Szanowni Państwo,
informujmy, że w opinii Związku Rewizyjnego Banków Spółdzielczych im. Franciszka Stefczyka w Warszawie (dalej: „ZRBS”) pomiędzy Bankami zlecającymi przeprowadzenie badania sprawozdania finansowego a ZRBS występuje relacja dwóch odrębnych administratorów, w ramach której jeden administrator (Bank) udostępnia dane na podstawie niżej wskazanych przepisów prawa drugiemu administratorowi (ZRBS), a w ramach takiego stosunku prawnego nie ma konieczności zawierania umów regulujących udostępnianie danych osobowych.
ZRBS przetwarza udostępnione dane osobowe jako administrator na podstawie art. 6 ust. 1 lit. e RODO tj. zgodnie z prawem, gdyż przetwarzanie jest niezbędne do wykonania zadania realizowanego w interesie publicznym, o którym mowa w art. 69 ustawy o biegłych rewidentach, firmach audytorskich oraz nadzorze publicznym, dalej: „ustawa”.
Biegli rewidenci oraz firma audytorska (w tym ZRBS), zgodnie z art. 78 ustawy są zobowiązani zachować w tajemnicy wszystkie informacje i dokumenty, do których mieli dostęp w trakcie świadczenia usług atestacyjnych oraz usług pokrewnych, a obowiązek zachowania tajemnicy zawodowej nie jest ograniczony w czasie.
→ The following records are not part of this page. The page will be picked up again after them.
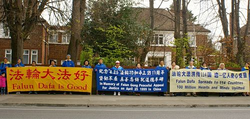 【明慧网二零一六年五月二日】二零一六年四月二十五日,爱尔兰法轮功学员在中国驻爱尔兰使馆门口举行了和平集会,纪念万名法轮功学员和平上访十七周年,并抗议中共对法轮功的迫害
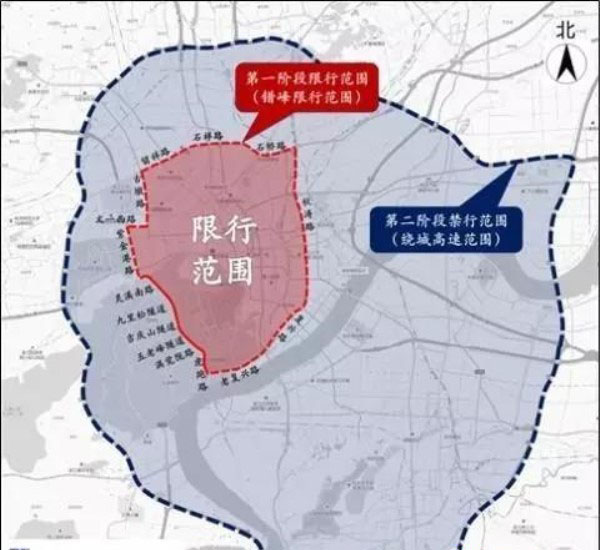 第二階段,2019年10月8日起,全天禁止在繞城高速公路(不含繞城高速)圍合區域內所有道路及高架(含匝道以及附屬橋梁、隧道)內通行。
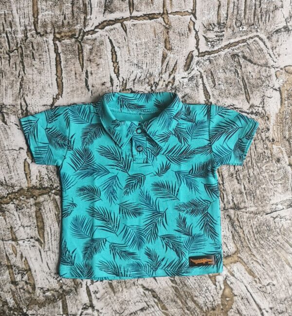 Koszulka chłopięca niebieska w palmy. Skład materiału: bawełna 95% oraz 5% elastan. Polski producent Mrofi.
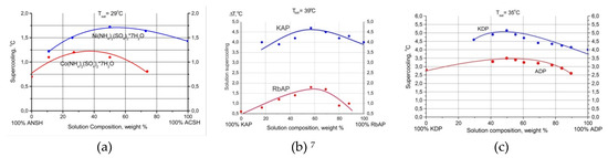 As it follows from Section 2.1 and Section 2.2, the interaction of mutual nonequilibrium phases starts with the crystal dissolution, which is the cause of subsequent epitaxial processes. However, the excess thermodynamic potential (1) of such a system can be compensated for by solution supercooling. In this case, the system acquires a metastable equilibrium, which prevents both the dissolution of the crystals and the growth of the new phase. This state was predicted theoretically and then confirmed by indirect data on semiconductor systems [2,3]. Later, such states were observed in situ in water-salt systems K2SO4-K2CrO4 [9], Ni(NH4)(SO4)2·7H2O-Co(NH4)(SO4)2·7H2O [12], KAP-RbAP [14] and KDP-ADP [15]. For the last three systems, critical supercooling was measured in the whole composition range of the mixed solutions by the method described in [14]. The results are shown in Figure 9.
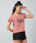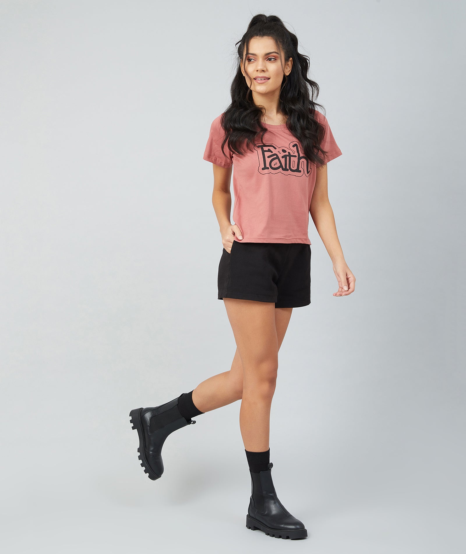 Chimpaaanzee Women Dark Pink Round Neck T-shirt
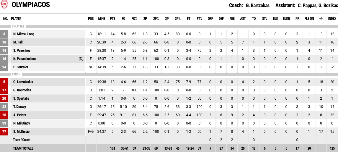 Οn fire: Εξαιρετικός ο Άλεπ Πίτερς και ως πεντάρι (!), με τον Αμερικανό να τελειώνει το ματς με 25 πόντους και εννιά ριμπάουντ.
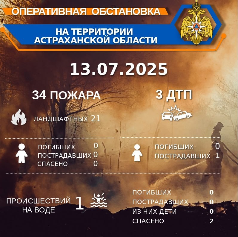🚨Оперативная обстановка на территории Астраханской области по состоянию на 00:00 13.07.2025
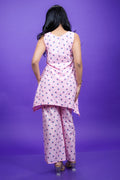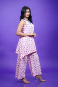 Elevate your everyday elegance with this blush pink high-low co-ord set. The sleeveless top features a graceful boat neckline and a flowing thigh-length silhouette with a motif pattern print, adding a chic touch to your casual or festive looks. Crafted from soft Cotton blend fabric for comfort and breathability, it's paired with full-length palazzo pants in the same motif print. The half belt, half elastic waist ensures a flattering fit, while the gentle machine wash care keeps it easy to maintain. Perfect for both occasional outings and regular wear.
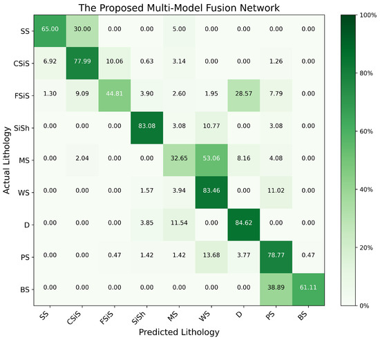 Confusion matrix for lithology identification using the proposed model.

Zgodnie z art. 69 ww. ustawy biegły rewident przeprowadzając badanie, wykonując usługę atestacyjną inną niż badanie lub usługę pokrewną działa w interesie publicznym i przestrzega zasad etyki zawodowej, w szczególności: 1) zachowuje uczciwość, obiektywizm, zawodowy sceptycyzm i należytą staranność; 2) posiada odpowiednie kompetencje zawodowe; 3) przestrzega tajemnicy zawodowej.
Co więcej, ustawą z dnia 21 lutego 2019 r. o zmianie niektórych ustaw w związku z zapewnieniem stosowania rozporządzenia RODO dodano do ww. ustawy art. 2b (obowiązujący od 4 maja 2019 r.), który określa podstawowe zabezpieczenia danych osobowych przetwarzanych w celu realizacji zadań lub obowiązków określonych w ustawie i rozporządzeniu nr 537/2014, za zapewnienie których odpowiedzialny jest właściwy administrator danych – w tym przypadku jest nim biegły rewident, firma audytorska.
Mając powyższe na uwadze w opinii ZRBS nie jest zasadne zawieranie z Bankami umów regulujących powierzenie czy udostępnienie danych osobowych gdyż udostępnienie przez Bank danych osobowych odbywa się na podstawie prawa i na rzecz innego administratora, którym jest ZRBS.
1.Rozporządzenie Parlamentu Europejskiego i Rady (UE) 2016/679 z dnia 27 kwietnia 2016 r. w sprawie ochrony osób fizycznych w związku z przetwarzaniem danych osobowych i w sprawie swobodnego przepływu takich danych oraz uchylenia dyrektywy 95/46/WE (ogólne rozporządzenie o ochronie danych.